Wind stress fields are available from reanalyses, satellite-based data sets, and in situ observations. Basin scale wind stress trends at decadal to centennial time scales have been reported for the Southern Ocean, the North Atlantic and the Tropical Pacific as detailed below. However, these results are based largely on atmospheric reanalyses, in some cases a single product, and consequently the confidence level is low to medium depending on region and time scale considered.
In the Southern Ocean, the majority of reanalyses in the most comprehensive study available show an increase in the annual mean zonal wind stress (Swart and Fyfe, 2012; Figure 3.8). They find an increase in annual mean wind stress strength in four (NCEP1, NCEP2, ERAI and 20CRv2) of the six reanalyses considered (Figure 3.8). The mean of all reanalyses available at a given time (Figure 3.8, black line) also shows an upward trend from about 0.15 N m–2 in the early 1950s to 0.20 N m–2 in the early 2010s. An earlier study, covering 1979–2009, found a wind stress increase in two of four reanalyses considered (Xue et al., 2010). A positive trend of zonal wind stress from 1980 to 2000 was also reported by Yang et al. (2007) using a single reanalysis (ERA40) and found to be consistent with increases in wind speed observations made on Macquarie Island (54.5°S, 158.9°E) and by the SSM/I satellite (data from 1987 onwards). The wind stress strengthening is found by Yang et al. (2007) to have a seasonal dependence, with strongest trends in January, and has been linked by them to changes in the Southern Annular Mode (SAM, Box 2.5), which has continued to show an upward trend since AR4 (Section 2.7.8). Taken as a whole, these studies provide medium confidence that Southern Ocean wind stress has strengthened since the early 1980s. A strengthening of the related wind speed field in the Southern Ocean, consistent with the increasing trend in the SAM, has also been noted in Section 2.7.2 from satellite- based analyses and atmospheric reanalyses.
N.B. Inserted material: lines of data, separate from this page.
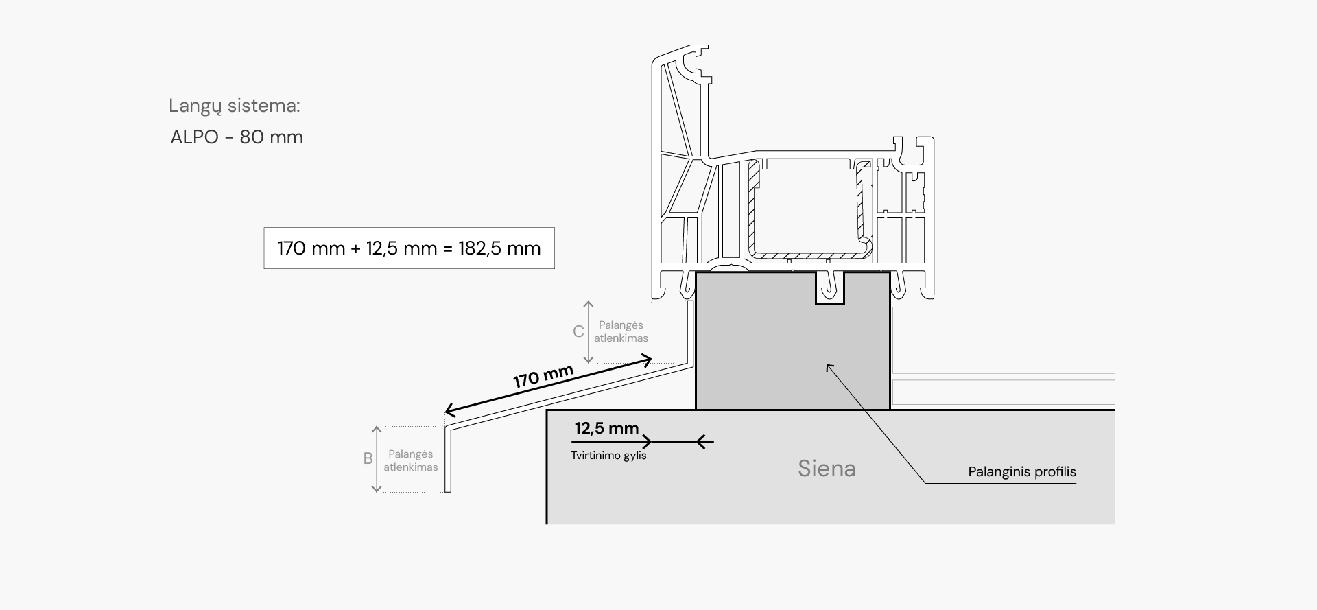 - 12,5 mm – atstumas palangės tvirtinimui prie (ALPO sistemos) palanginio profilio.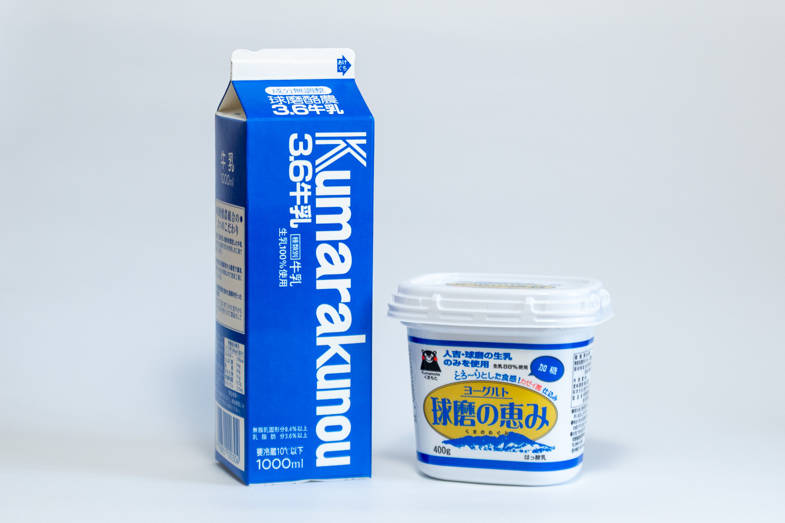 『Kumarakunou3.6牛乳』と『球磨の恵みヨーグルト』。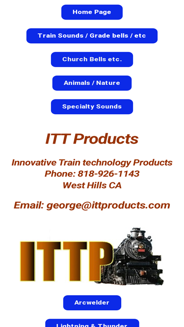 80%Home Page Train Sounds / Grade bells / etc Church Bells etc. Animals / Nature Specialty Sounds ITT Products Innovative Train technology ProductsPhone: 818-926-1143West Hills CA Email: george@ittproducts.com Arcwelder Lightning & Thunder Accessories About US Hobby sound modules for model railroaders and other hobby enthusiasts We are not shipping to countries outside the USA at this … Continue reading "home"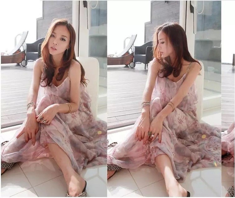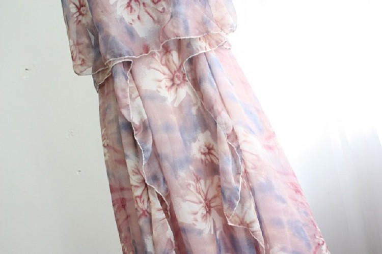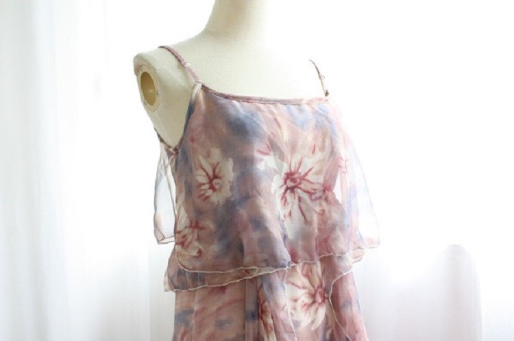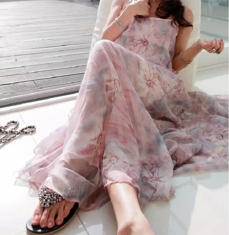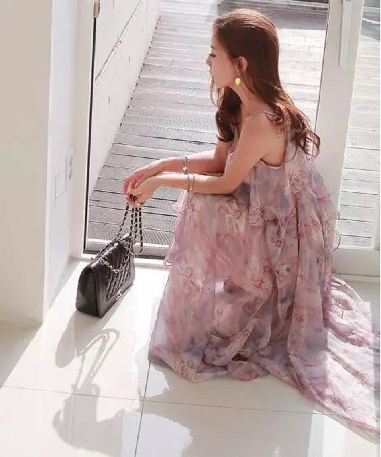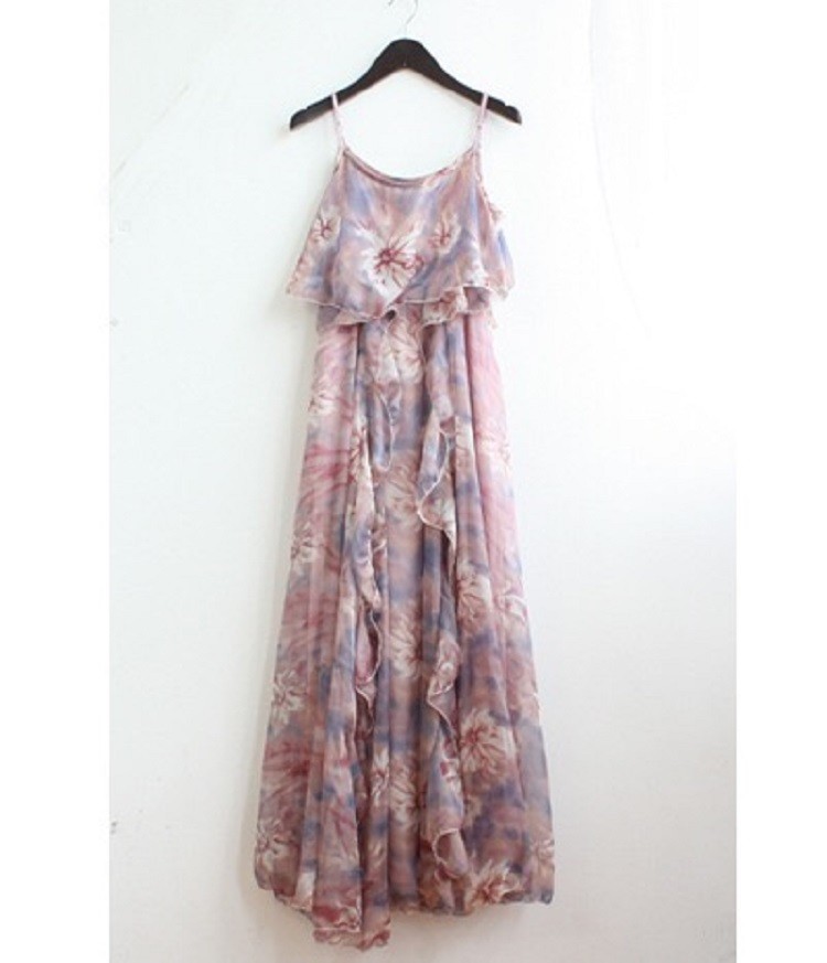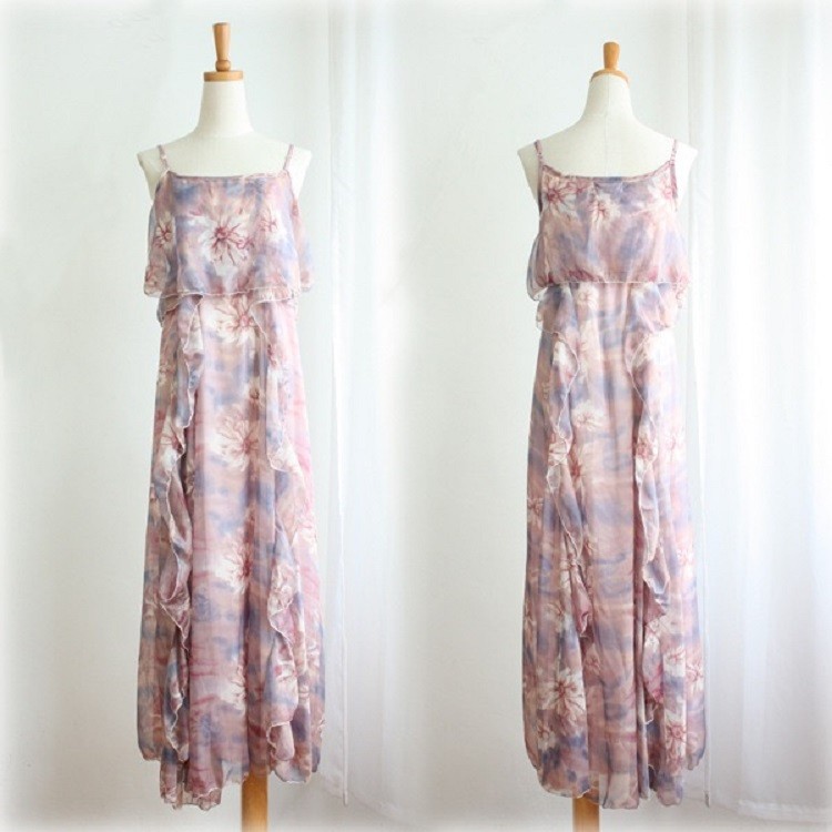 淡いグラデーションカラーのフラワープリントが上品フェミニンなマキシ丈のノースリーブワンピース。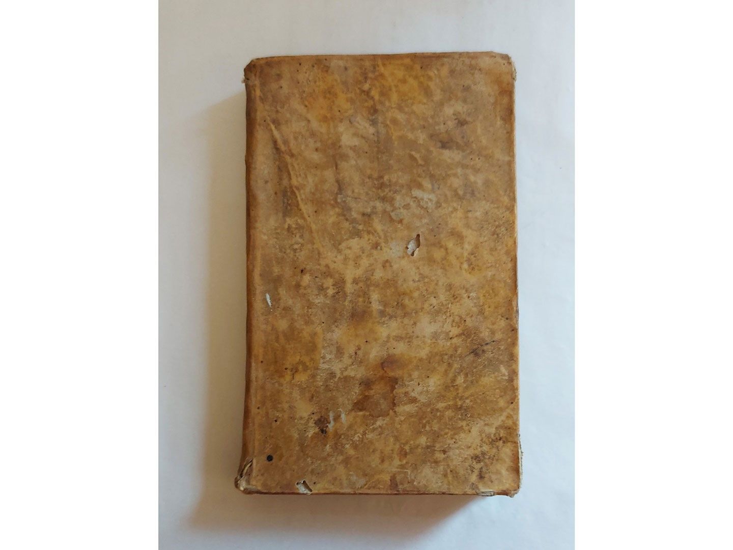 Napoli, A spese di Cristofaro Migliaccio, 1760. (190x120 mm) [8], 166 p. Legatura in piena pergamena, brunita, con titolo dorato al dorso, con mende. Cerniera staccata, frontespizio con galleria di tarlo e strappetto marginale, bruniture sparse. Frontespizio con marca tipografica in nero. Edizione terza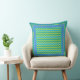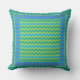 En Dekorativ kudde eller Cushion med en 'Blue Måne mix'n'match mönster av Chevrons och Polka dots i Dazzling Blue, Neon Grönt, Turcos och Emerald Grönt. En del av Posh & Painterly 'Blue Måne Samling; från en handmålad papper kollageutformning av Judy Adamson.
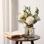 YJ Fake Flowers with Vase, Silk Roses Artificial Flowers in Vase, Faux Flow…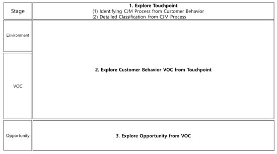 Customer observation is the act of recording product usage space, customer behavior, events, time, goals, feelings, etc., for a company so that it can offer competitive products and services [30]. In line with this perspective, the CJM observes customers’ service usage behavior and tracks their thoughts, evaluations, and emotions step-by-step, conveying them to the service providers. The CJM is a two-dimensional matrix with two axes. The horizontal axis consists of the actions, situations, and procedures that customers encounter while using the service, arranged according to their temporal flow. These elements are the touchpoints through which customers interact with the service. The CJM then analyzes the emotions, thoughts, and experiences they have while using the service [31]. The vertical axis is where the service provider selects the topics they want to obtain information about regarding the customers at the touchpoints. The service provider can change the topic according to the analysis objectives and select the emotions, thoughts, opinions, etc., of the customers at the touchpoints to analyze.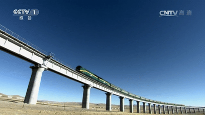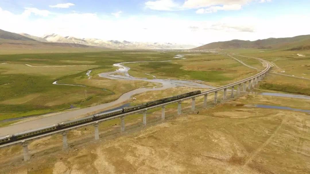 青藏铁路如一条巨龙蜿蜒在苍茫雪域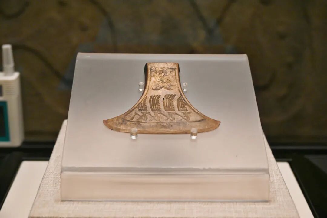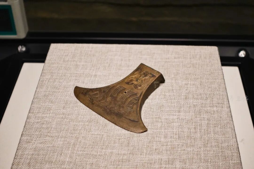 这款高9.8厘米,刃宽12.1厘米的铜钺放在博物馆中不太会让人太注意的器物,因为它看起来不够大,表面的浮雕也不够明显,只能凑近细细看才会发现其中的奥秘。

In the Tropical Pacific, a reanalysis based study found a strengthening of the trade wind associated wind stress for 1990–2009, but for the earlier period 1959–1989 there is no clear trend (Merrifield, 2011). Strengthening of the related Tropical Pacific Ocean wind speed field in recent decades is evident in reanalysis and satellite based data sets. Taken together with evidence for rates of sea level rise in the western Pacific larger than the global mean (Section 3.7.3) these studies provide medium confidence that Tropical Pacific wind stress has increased since 1990. This increase may be related to the Pacific Decadal Oscillation (Merrifield et al., 2012). At centennial time scales, attempts have been made to reconstruct the wind stress field in the Tropical Pacific by making use of the relationship between wind stress and SLP in combination with historic SLP data. Vecchi et al. (2006), using this approach, found a reduction of 7% in zonal mean wind stress across the Equatorial Pacific from the 1860s to the 1990s and related it to a possible weakening of the tropical Walker circulation. Observations discussed in Section 2.7.5 indicate that this weakening has largely been offset by a stronger Walker circulation since the 1990s.
Changes in winter season wind stress curl over the North Atlantic from 1950 to early 2000s from NCEP1 and ERA40 have leading modes that are highly correlated with the NAO and East Atlantic circulation patterns; each of these patterns demonstrates a trend towards more positive index values superimposed on pronounced decadal variability over the period from the early 1960s to the late 1990s (Sugimoto and Hanawa, 2010). Wu et al. (2012) find a poleward shift over the past century of the zero wind stress curl line by 2.5° [1.5° to 3.5°] in the North Atlantic and 3.0° [1.6° to 4.4°] in the North Pacific from 20CRv2. Confidence in these results is low as they are based on a single product, 20CRv2 (the only century time scale reanalysis), which may be affected by temporal inhomogeneity in the number of observations assimilated (Krueger et al., 2013).